Carnivores: Cityscape Shooter category

Title screen from Carnivores: Cityscape

In Carnivores: Cityscape, you can play as a human defending against a dinosaur outbreak, or you can play as a dinosaur. Obviously I picked the dinosaur.

Getting to play as a dinosaur was new for the Carnivores series. The first three Carnivores games, developed by Ukrainian studio Action Forms, were hunting games, set on a distant planet inhabited by dinosaurs that humans have turned into a game reserve. Cityscape is vastly different, more like a sci-fi action movie where the prey and the hunters stalk each other through jungles and cities.

According to the producers of Cityscape, this drastic change in direction was based on fan feedback. In an interview with the online gaming site HomeLAN, the producers said that fans of the Carnivores series had demanded two features: playable dinosaurs (who can blame them?) and multiplayer. Cityscape adds both those things, which explains why the game is closer to Predator than a hunting simulation. That also might explain why rampaging around as a dinosaur – the ultimate power fantasy – is so weirdly unsatisfying.

Screenshot from Carnivores: Cityscape

Activate Dino Vision to track your meals in the dark

The new developer, Sunstorm Interactive, was a perfect fit for taking over the Carnivores franchise. Not only did they have experience making hunting games, they had even made, specifically, a dinosaur hunting game, Primal Prey, which is the best qualification you could ask for. But rather than continue the series as it was, they let the dinosaurs fight back.

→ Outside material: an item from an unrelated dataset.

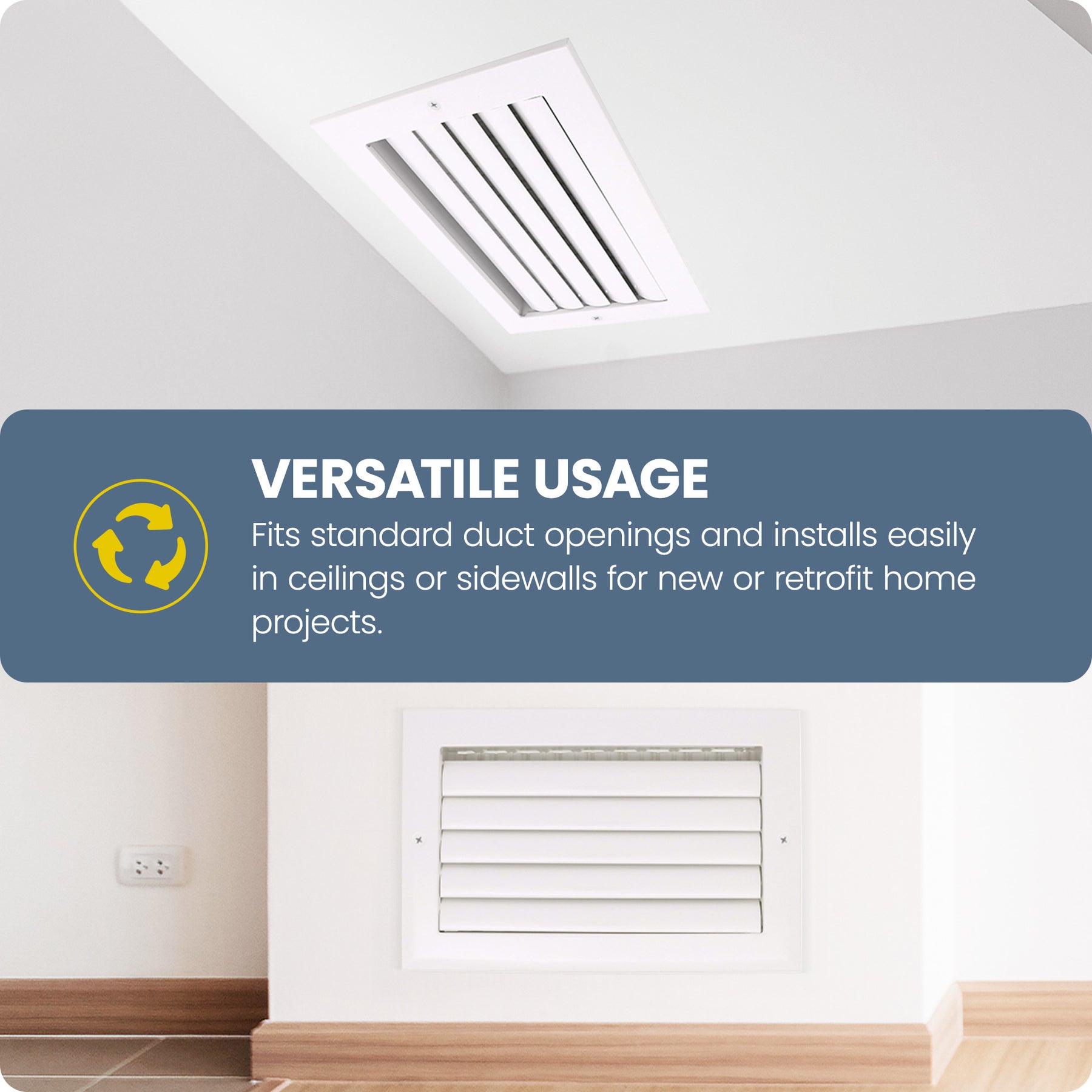 • Fits standard 10" x 10" duct openings and installs easily in both new construction and retrofit applications, offering flexibility for various room sizes and layouts and use in ceiling or sidewall installations

When DinoCorp’s plans go horribly awry, they accidentally unleash dinosaurs on a human colony, and a military operation is called in to clean up the damage. The game lets you play through the campaign from either side of the battle, and they mirror each other: you go through the same levels, but with opposite goals. As a human, you need to complete objectives, like escorting a senator to safety; as a dinosaur, you just have to eat stuff, like senators. It’s a clever touch, even though that means the dinosaur missions are exclusively about where to get lunch.

Despite the emphasis turning the tables, it gives the impression that dinosaurs were an afterthought in this game. While humans get all manner of fancy sci-fi gadgets and weapons, dinosaurs are much simpler. They just have claws and run fast, and their Dino Vision power is a hand-me-down version of the thermal camera used by the humans. On the other hand though, dinosaurs can eat humans to regain health, which is gross and awesome.

Screenshot from Carnivores: Cityscape

Tasty, tasty humans

I’m focusing on the dinosaur side of the game because playing as a human is pretty much what you’d imagine – perhaps slow and awkward, but about what you’d expect out of a sci-fi dinosaur-killing game from 2002. Playing as a dinosaur, however, never rises to the level of chaos that it should. There’s glimmers of it, like the outstanding City Hall level, where you chase the senator through his office while he screams in terror at the “evil bird lizard.” Many of the indoor levels feel closer to the claustrophobic disaster movie atmosphere that the developers were going for, but it really depends on how interesting the level geometry is, if it gives you opportunities to hide and pounce. Otherwise you’re wide out in the open, waiting to be shot like an animal at a game reserve.

Most of Cityscape takes place inside one massive futuristic city, through streets, buildings, and underground tunnels. The city looks terrific, especially because its hulking angular shape seems like it would be impossible to actually live in; it’s interesting simply to run around the city as a dinosaur. The weird part is how much empty space there is. If you walk off in the wrong direction, you could end up in a completely vacant wing of a building. It doesn’t feel like there’s much to destroy or defend.

Screenshot from Carnivores: Cityscape

Closing the distance with your prey can be challenging in open spaces

The city is desolate, apart from an occasional train passing by or a computer monitor left unattended. Whether you’re playing as a human or a dinosaur, there will only be one or two enemies nearby, at most. The sparse population feels appropriate in close quarters, like the inside of a crashed spaceship, but in the enormous city, it’s bizarre. You’ll turn on Dino Vision and see a single human shooting at you from hundreds of feet away, and once again, you’re back in a hunting game, only this time you’re the prey, in a city instead of an open wilderness.

All this seems like it could be a consequence of how the Carnivores series changed direction. Maybe the developers hadn’t known what to do with the dinosaurs now that they weren’t just moving targets, but the biggest change is that Cityscape was the first and only Carnivores game designed with multiplayer in mind. The stages were meant to be filled with the kinetic energy of multiple people. Playing alone throws off that balance. It reminded me of logging into a nearly empty server in an online game and trying to find where the other players were.

In multiplayer, you can play the campaign cooperatively with other players, but you can actually play it against other players too, with up to eight people on each side. Cityscape probably never found an active enough audience to support a 16-player campaign, so it’s hard to say if the ideal version of Cityscape ever really existed.

In that theoretical scenario, the game would have roared to life. One dinosaur running around the city feels barren. Eight dinosaurs? Now we’re talking.